With pictures left out, please repeat word for word the lines from the one containing "收入包括:一般公共预算拨款收" through the end of the records.

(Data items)

--- --- ---

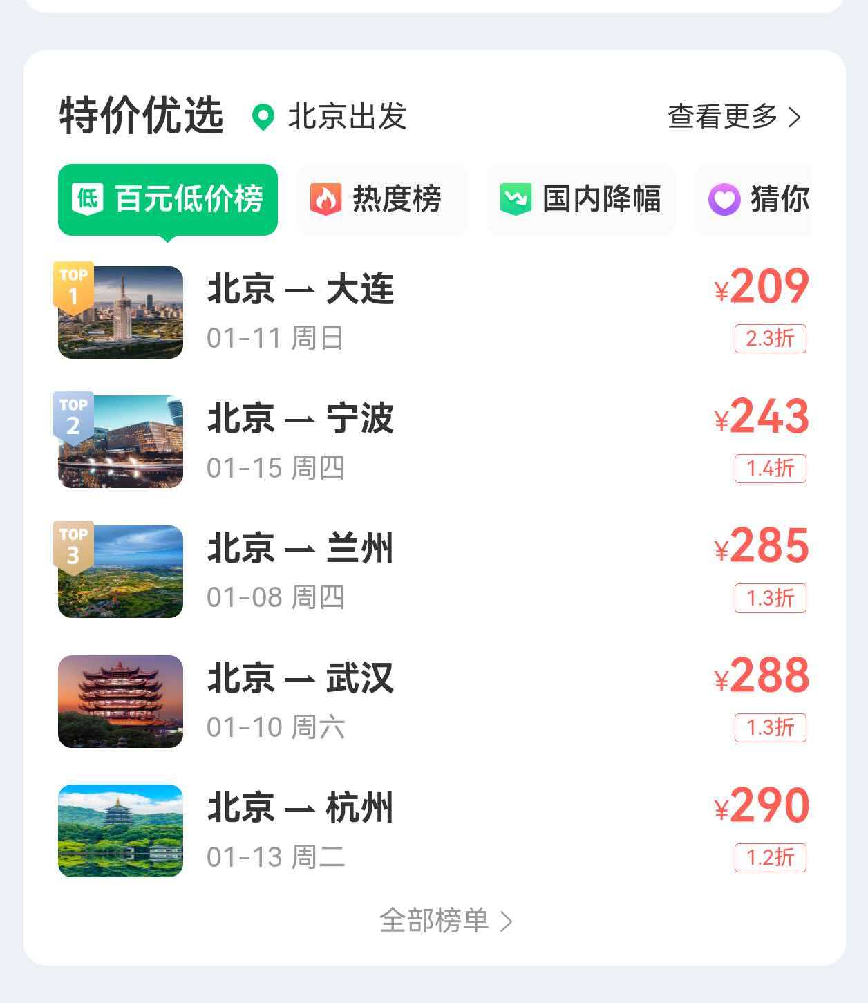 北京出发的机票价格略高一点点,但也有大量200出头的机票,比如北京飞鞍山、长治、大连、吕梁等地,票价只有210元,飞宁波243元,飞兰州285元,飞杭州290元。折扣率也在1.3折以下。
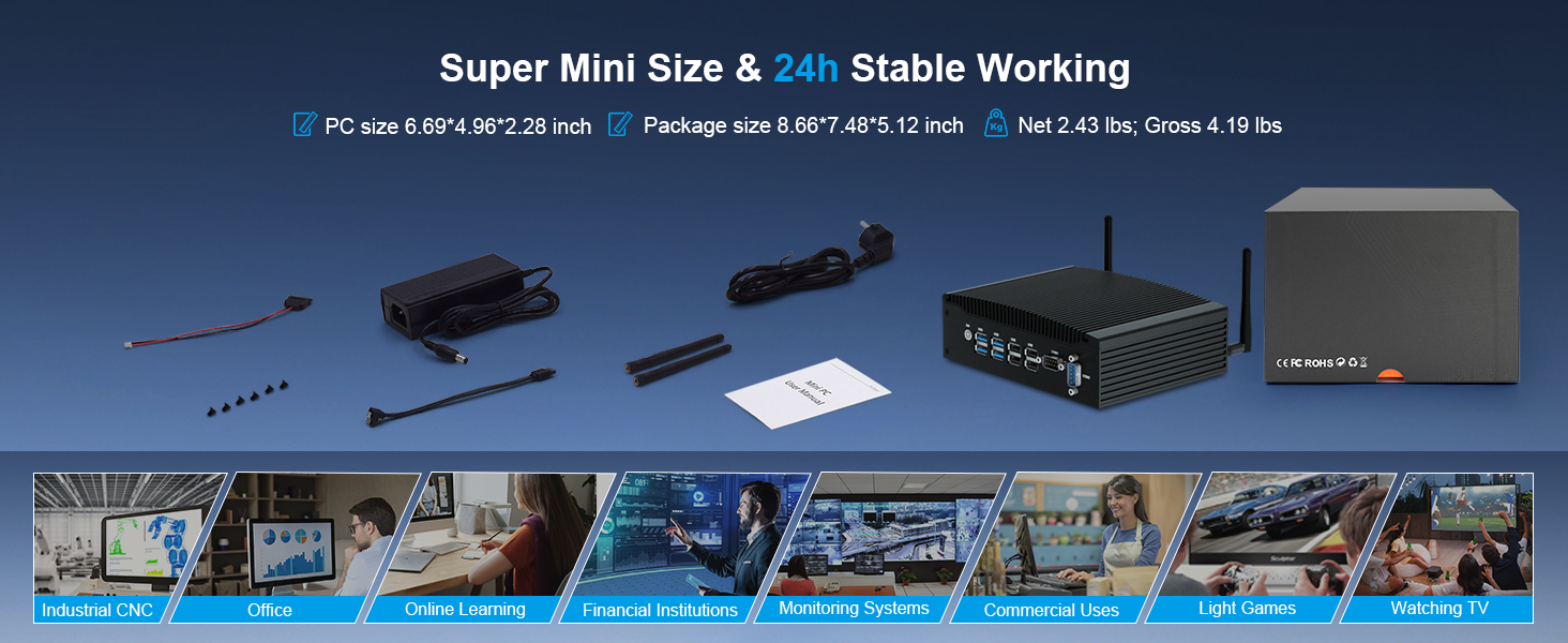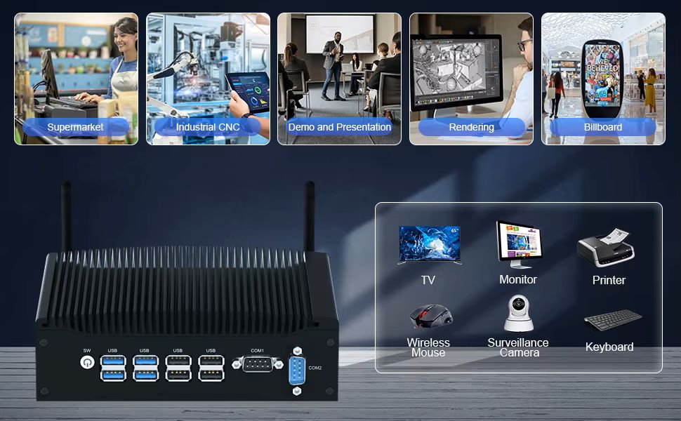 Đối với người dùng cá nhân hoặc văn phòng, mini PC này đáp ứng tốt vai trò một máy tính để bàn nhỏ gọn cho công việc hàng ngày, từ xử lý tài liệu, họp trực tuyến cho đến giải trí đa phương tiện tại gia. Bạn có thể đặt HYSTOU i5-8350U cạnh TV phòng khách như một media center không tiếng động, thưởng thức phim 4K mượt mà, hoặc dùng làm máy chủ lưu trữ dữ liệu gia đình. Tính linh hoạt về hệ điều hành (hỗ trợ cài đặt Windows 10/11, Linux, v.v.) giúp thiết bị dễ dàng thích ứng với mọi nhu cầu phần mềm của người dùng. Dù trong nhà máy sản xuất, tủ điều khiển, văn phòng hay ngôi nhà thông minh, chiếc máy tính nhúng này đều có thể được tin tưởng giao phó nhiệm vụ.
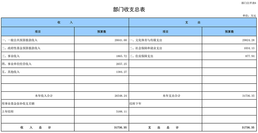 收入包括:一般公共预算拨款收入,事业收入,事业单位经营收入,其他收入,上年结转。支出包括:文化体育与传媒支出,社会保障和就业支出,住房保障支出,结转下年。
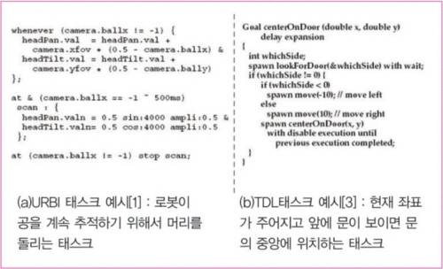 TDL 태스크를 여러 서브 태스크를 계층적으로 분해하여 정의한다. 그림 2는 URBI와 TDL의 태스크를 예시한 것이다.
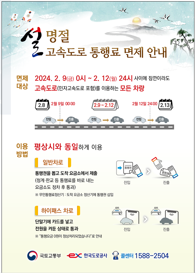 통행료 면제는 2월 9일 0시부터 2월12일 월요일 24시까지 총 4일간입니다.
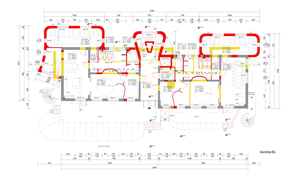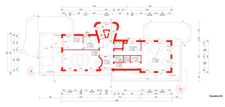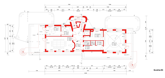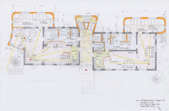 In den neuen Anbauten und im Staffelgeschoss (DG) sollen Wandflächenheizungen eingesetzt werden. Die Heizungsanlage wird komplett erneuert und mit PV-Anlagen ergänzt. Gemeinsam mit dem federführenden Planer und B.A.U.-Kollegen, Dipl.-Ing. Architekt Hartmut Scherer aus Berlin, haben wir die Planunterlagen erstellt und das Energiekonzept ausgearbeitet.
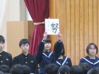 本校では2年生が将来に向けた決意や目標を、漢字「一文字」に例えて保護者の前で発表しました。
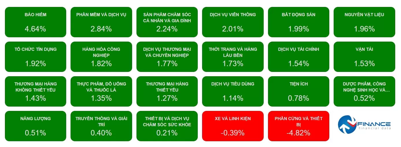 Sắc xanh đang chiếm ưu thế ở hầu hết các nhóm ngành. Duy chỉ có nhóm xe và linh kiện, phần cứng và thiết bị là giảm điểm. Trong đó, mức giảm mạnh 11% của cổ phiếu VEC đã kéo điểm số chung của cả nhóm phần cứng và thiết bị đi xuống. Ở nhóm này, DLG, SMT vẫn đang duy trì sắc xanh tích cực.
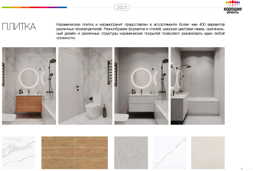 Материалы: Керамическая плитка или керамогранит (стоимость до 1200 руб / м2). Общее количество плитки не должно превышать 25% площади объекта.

--- --- ---

• _Solution to this exercise_:
 收入包括:一般公共预算拨款收入,事业收入,事业单位经营收入,其他收入,上年结转。支出包括:文化体育与传媒支出,社会保障和就业支出,住房保障支出,结转下年。
 TDL 태스크를 여러 서브 태스크를 계층적으로 분해하여 정의한다. 그림 2는 URBI와 TDL의 태스크를 예시한 것이다.
 통행료 면제는 2월 9일 0시부터 2월12일 월요일 24시까지 총 4일간입니다.
 In den neuen Anbauten und im Staffelgeschoss (DG) sollen Wandflächenheizungen eingesetzt werden. Die Heizungsanlage wird komplett erneuert und mit PV-Anlagen ergänzt. Gemeinsam mit dem federführenden Planer und B.A.U.-Kollegen, Dipl.-Ing. Architekt Hartmut Scherer aus Berlin, haben wir die Planunterlagen erstellt und das Energiekonzept ausgearbeitet.
 本校では2年生が将来に向けた決意や目標を、漢字「一文字」に例えて保護者の前で発表しました。
 Sắc xanh đang chiếm ưu thế ở hầu hết các nhóm ngành. Duy chỉ có nhóm xe và linh kiện, phần cứng và thiết bị là giảm điểm. Trong đó, mức giảm mạnh 11% của cổ phiếu VEC đã kéo điểm số chung của cả nhóm phần cứng và thiết bị đi xuống. Ở nhóm này, DLG, SMT vẫn đang duy trì sắc xanh tích cực.
 Материалы: Керамическая плитка или керамогранит (стоимость до 1200 руб / м2). Общее количество плитки не должно превышать 25% площади объекта.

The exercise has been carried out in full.